» **Your instructions**: In the entries below, which lines run from the one with "Slim fitting and" through the one with "商品名称:兄弟(brother)HL-5595DN 高速黑白激光打印机 自动双面打印"? Repeat exactly those, both included, and no pictures.

### Records for the exercise

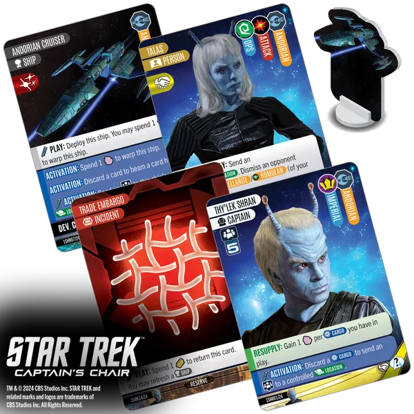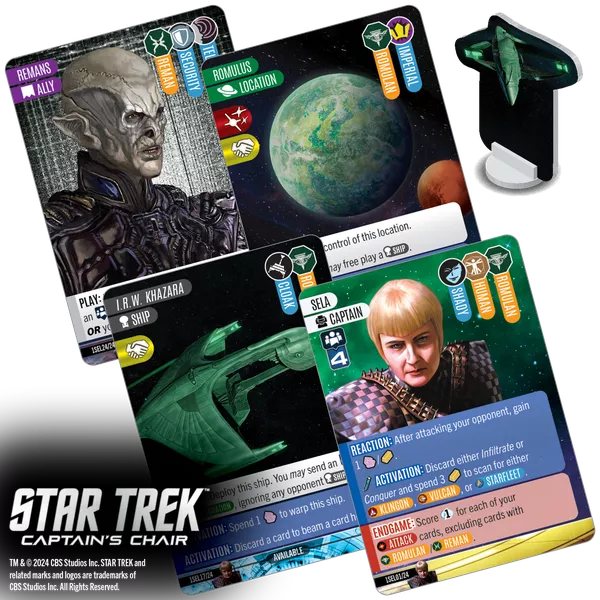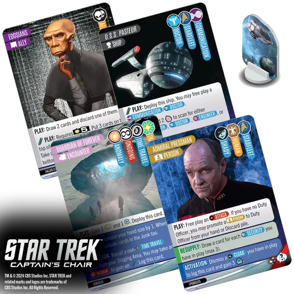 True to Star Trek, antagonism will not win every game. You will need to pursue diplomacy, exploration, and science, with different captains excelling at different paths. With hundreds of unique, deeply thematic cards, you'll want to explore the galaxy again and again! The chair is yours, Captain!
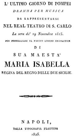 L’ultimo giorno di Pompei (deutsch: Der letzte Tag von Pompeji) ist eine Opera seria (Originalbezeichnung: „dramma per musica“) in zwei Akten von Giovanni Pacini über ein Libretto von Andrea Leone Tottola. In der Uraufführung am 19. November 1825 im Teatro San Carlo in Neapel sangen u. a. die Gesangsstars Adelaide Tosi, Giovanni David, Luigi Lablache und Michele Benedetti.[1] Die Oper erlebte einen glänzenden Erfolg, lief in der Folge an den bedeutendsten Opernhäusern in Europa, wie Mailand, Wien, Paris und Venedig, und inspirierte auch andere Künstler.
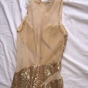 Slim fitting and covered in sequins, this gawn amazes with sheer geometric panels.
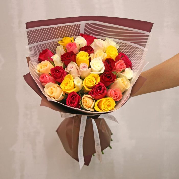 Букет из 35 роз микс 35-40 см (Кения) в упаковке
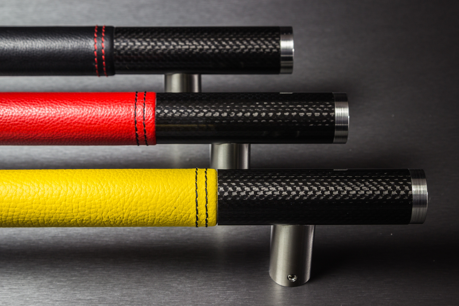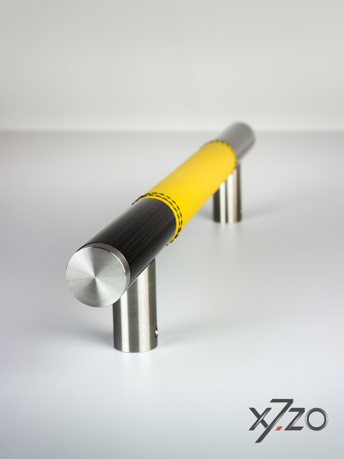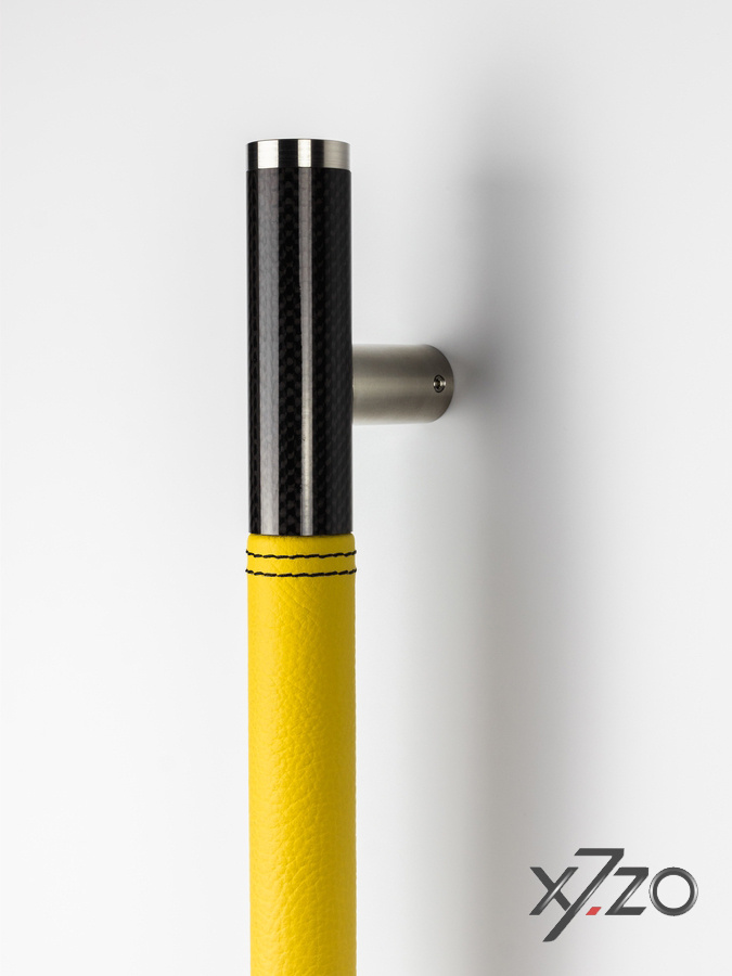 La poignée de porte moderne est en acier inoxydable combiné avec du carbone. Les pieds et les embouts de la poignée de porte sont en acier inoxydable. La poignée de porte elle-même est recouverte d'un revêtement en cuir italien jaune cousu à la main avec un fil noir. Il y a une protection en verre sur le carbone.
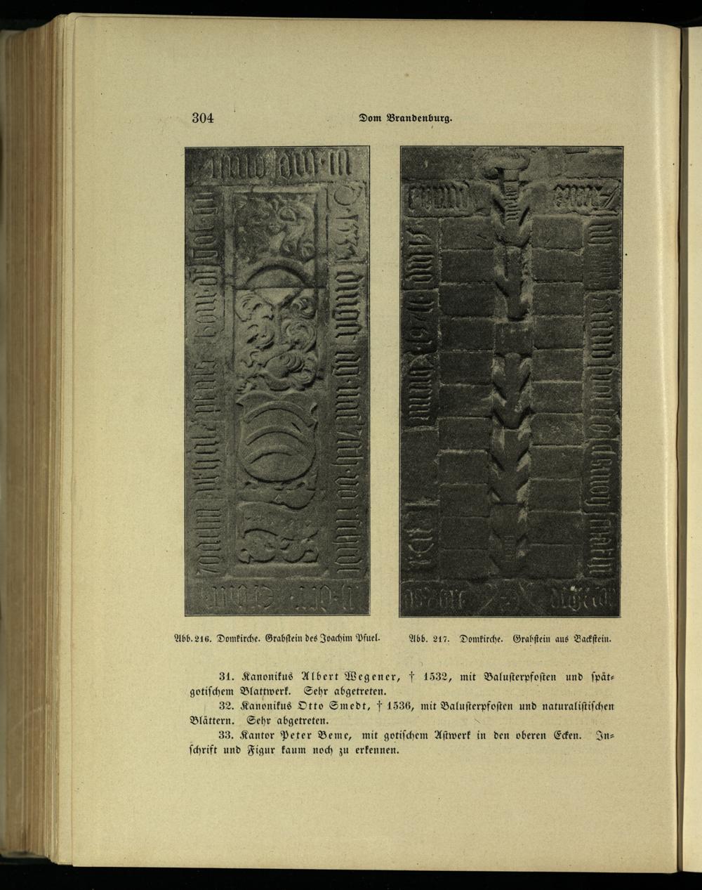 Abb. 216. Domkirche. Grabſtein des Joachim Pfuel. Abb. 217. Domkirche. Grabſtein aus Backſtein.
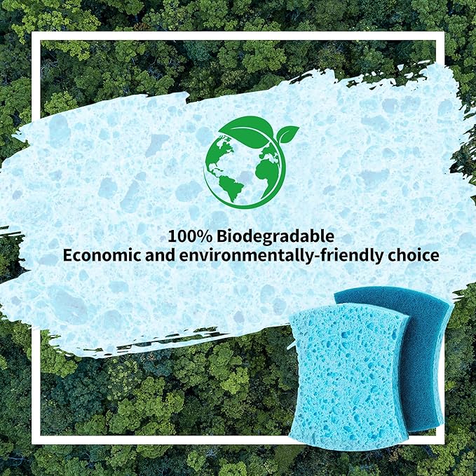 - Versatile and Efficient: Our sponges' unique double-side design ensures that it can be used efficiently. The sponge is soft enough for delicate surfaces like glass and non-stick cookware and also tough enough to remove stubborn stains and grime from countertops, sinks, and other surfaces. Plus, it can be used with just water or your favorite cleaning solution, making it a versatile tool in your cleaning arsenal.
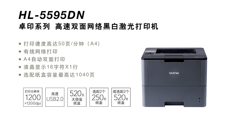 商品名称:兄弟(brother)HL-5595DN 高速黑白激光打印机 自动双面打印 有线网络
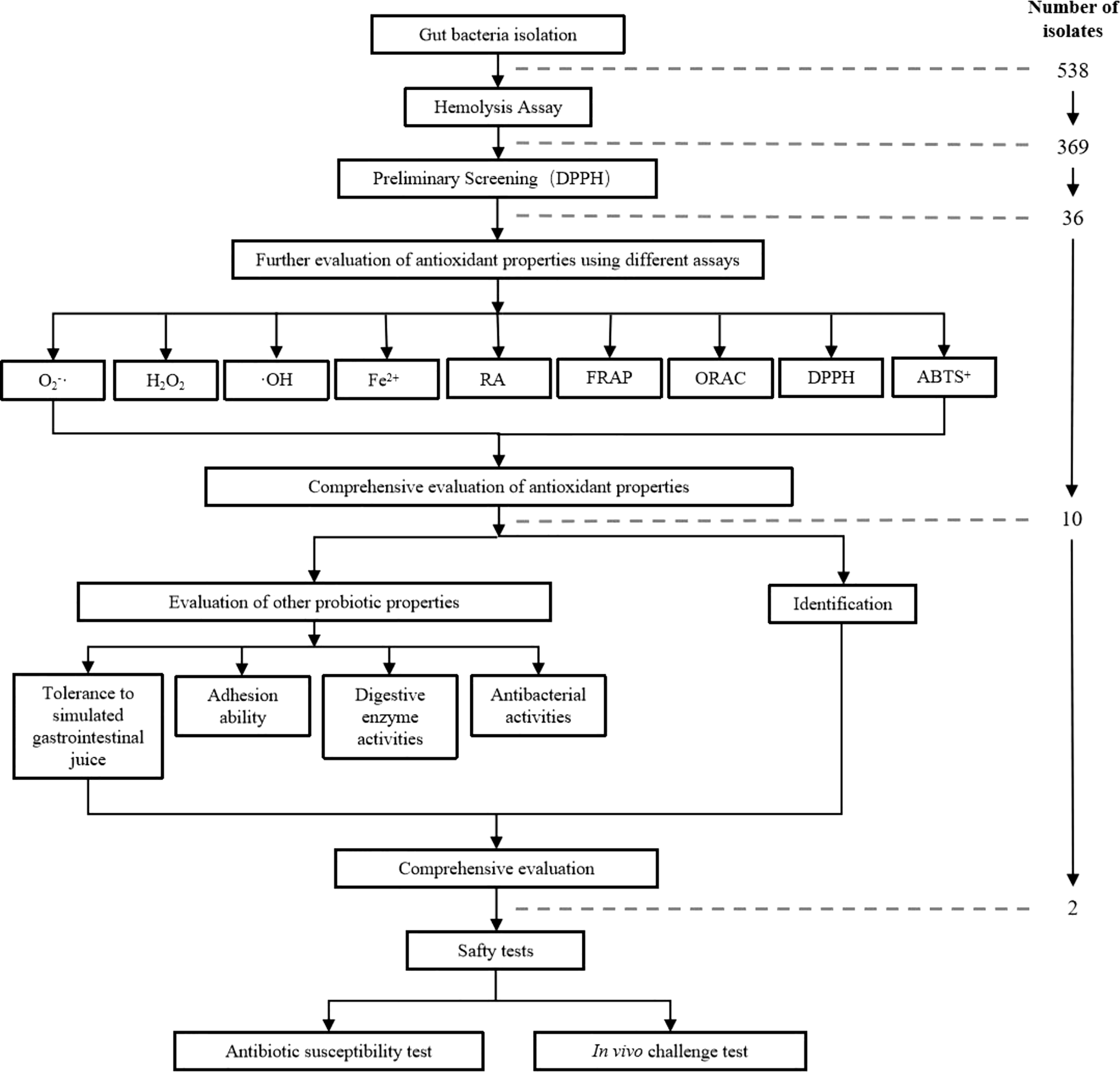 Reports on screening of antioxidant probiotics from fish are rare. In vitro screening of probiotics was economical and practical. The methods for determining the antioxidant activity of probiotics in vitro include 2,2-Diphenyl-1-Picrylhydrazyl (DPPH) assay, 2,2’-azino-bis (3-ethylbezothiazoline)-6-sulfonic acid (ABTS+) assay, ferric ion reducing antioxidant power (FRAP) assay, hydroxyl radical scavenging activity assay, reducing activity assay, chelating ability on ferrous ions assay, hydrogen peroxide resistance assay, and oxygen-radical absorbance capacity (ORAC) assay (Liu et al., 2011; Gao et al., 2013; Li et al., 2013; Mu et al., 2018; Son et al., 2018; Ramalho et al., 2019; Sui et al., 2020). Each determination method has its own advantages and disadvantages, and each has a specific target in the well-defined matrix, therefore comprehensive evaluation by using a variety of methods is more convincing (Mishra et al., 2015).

######

» **Task answer**:
 Slim fitting and covered in sequins, this gawn amazes with sheer geometric panels.
 Букет из 35 роз микс 35-40 см (Кения) в упаковке
 La poignée de porte moderne est en acier inoxydable combiné avec du carbone. Les pieds et les embouts de la poignée de porte sont en acier inoxydable. La poignée de porte elle-même est recouverte d'un revêtement en cuir italien jaune cousu à la main avec un fil noir. Il y a une protection en verre sur le carbone.
 Abb. 216. Domkirche. Grabſtein des Joachim Pfuel. Abb. 217. Domkirche. Grabſtein aus Backſtein.
 - Versatile and Efficient: Our sponges' unique double-side design ensures that it can be used efficiently. The sponge is soft enough for delicate surfaces like glass and non-stick cookware and also tough enough to remove stubborn stains and grime from countertops, sinks, and other surfaces. Plus, it can be used with just water or your favorite cleaning solution, making it a versatile tool in your cleaning arsenal.
 商品名称:兄弟(brother)HL-5595DN 高速黑白激光打印机 自动双面打印 有线网络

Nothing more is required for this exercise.